Alibaba’s Qwen3-Omni series marks a significant advancement in multimodal AI, offering three specialized models tailored for diverse applications. These models—Qwen3-Omni-30B-A3B-Instruct, Qwen3-Omni-30B-A3B-Thinking, and Qwen3-Omni-30B-A3B-Captioner—are designed to handle text, images, audio, and video with enhanced efficiency and performance.
Key Features
State-of-the-Art Multimodal Support: Combines early text-first pretraining with mixed modal training, achieving strong results across audio, video, and text tasks. It outperforms many benchmarks, including ASR and voice conversation metrics comparable to Gemini 2.5 Pro.
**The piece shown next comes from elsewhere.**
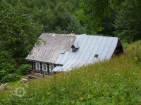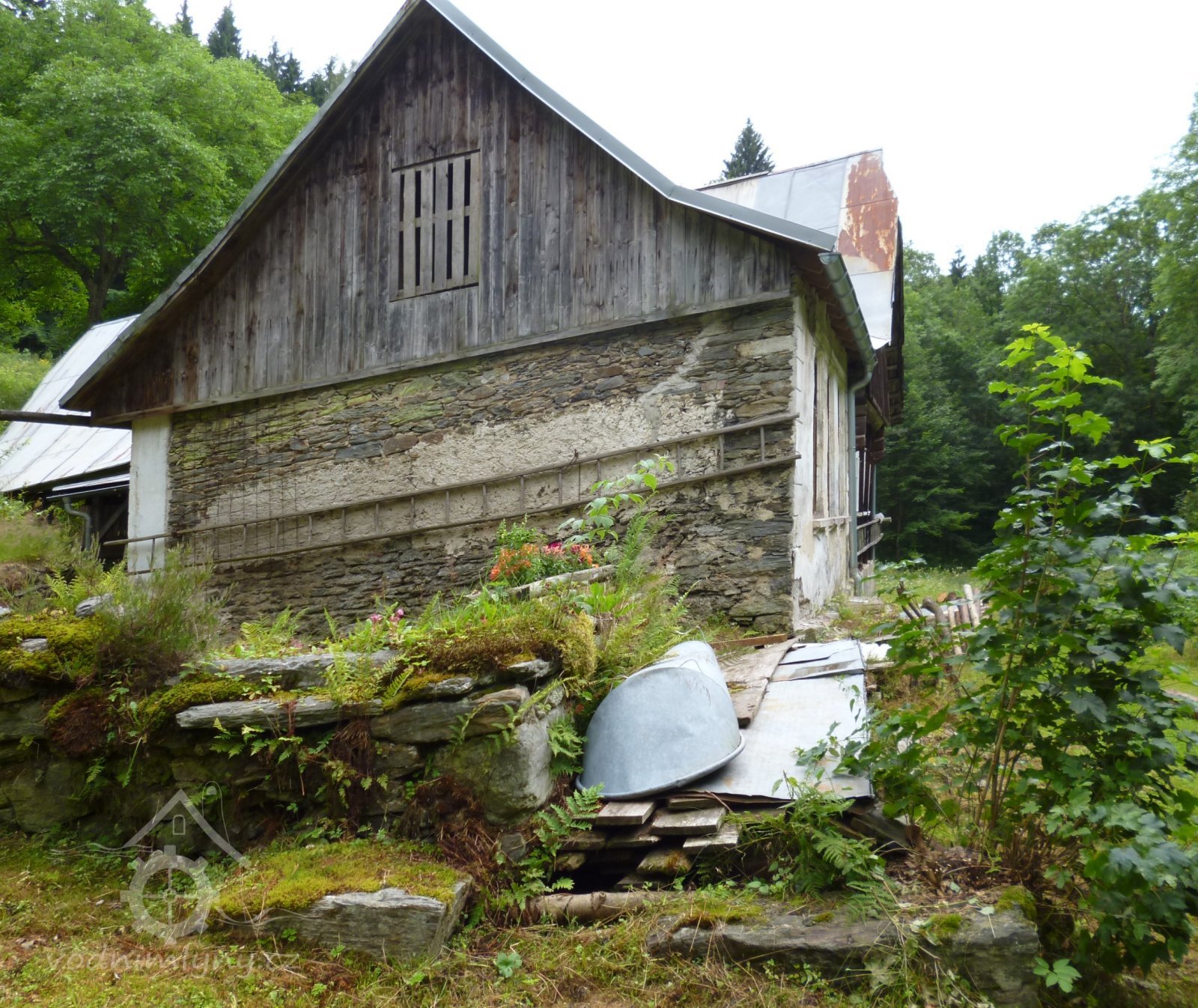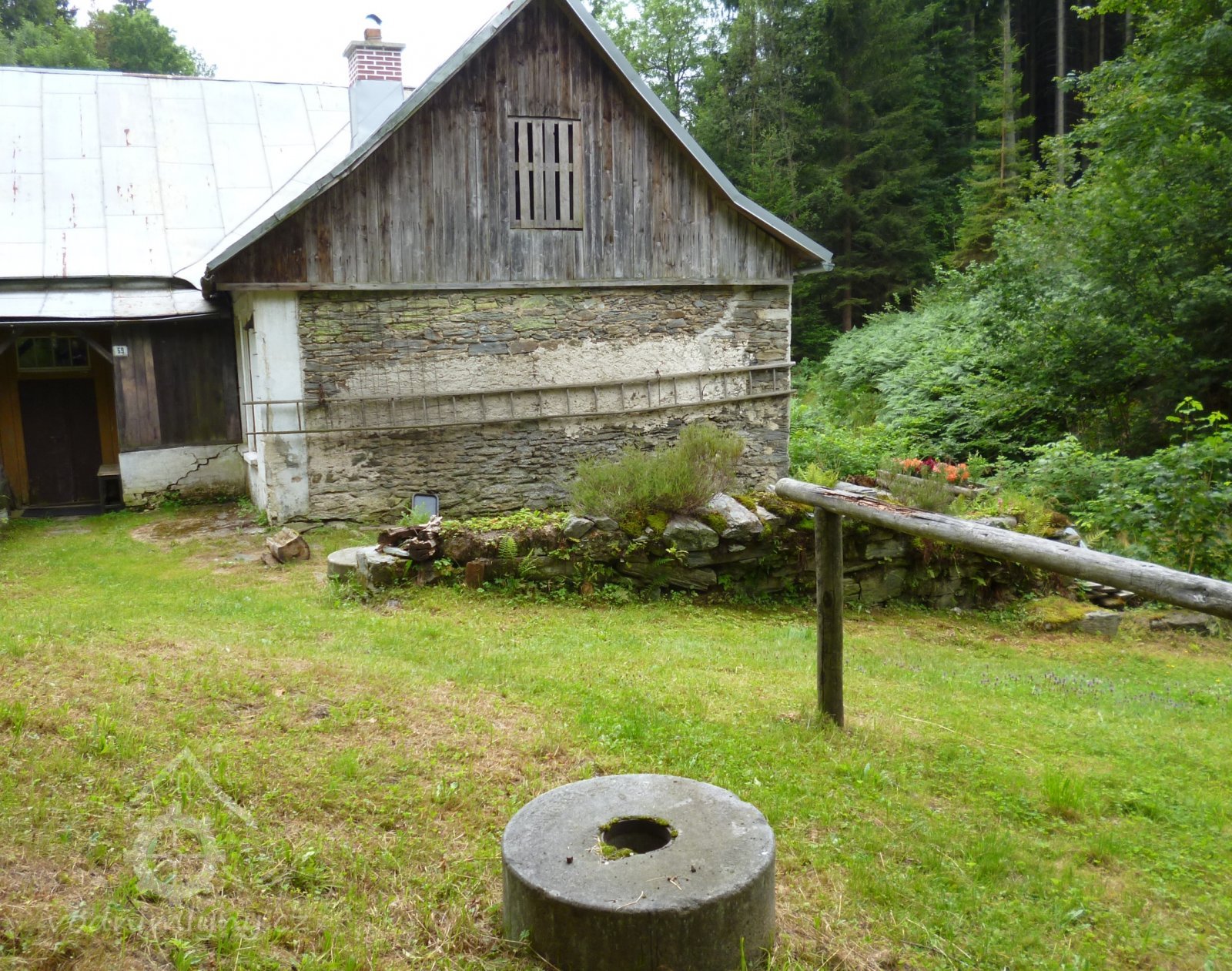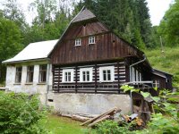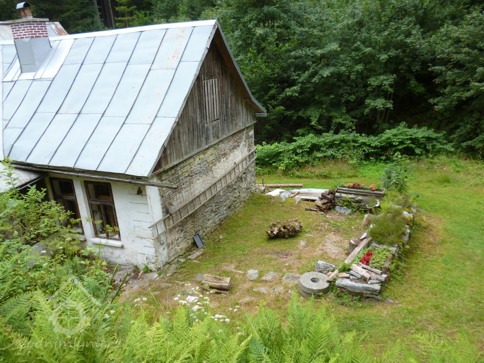 Roubená obytná budova a zděná mlýnice jsou postaveny do tvaru písmene L.

Multilingual Capabilities: Supports 119 text languages and 19 speech input languages, with 10 speech output languages. This makes it ideal for global applications and real-time interactions.
Innovative Architecture: Utilizes a MoE-based Thinker–Talker design with AuT pretraining, enabling efficient processing and low-latency responses. The multi-codebook design further optimizes performance.
Real-Time Interaction: Delivers immediate text or speech responses, supporting natural turn-taking in audio/video interactions.
Flexible Control: Allows customization via system prompts for tailored behavior, making it adaptable to various use cases.
Open-Source Audio Captioner: The Captioner model is now open source, addressing a critical gap in audio captioning with detailed, low-hallucination outputs.
Model Overview
Model Name
Description
Qwen3-Omni-30B-A3B-Instruct
Combines both thinker and talker components for audio, video, and text input, with audio/text output.
Qwen3-Omni-30B-A3B-Thinking
Focuses on chain-of-thought reasoning for text-based tasks, supporting audio/video/text input with text output.
Qwen3-Omni-30B-A3B-Captioner
Specialized for detailed audio captioning, open-sourced for community use.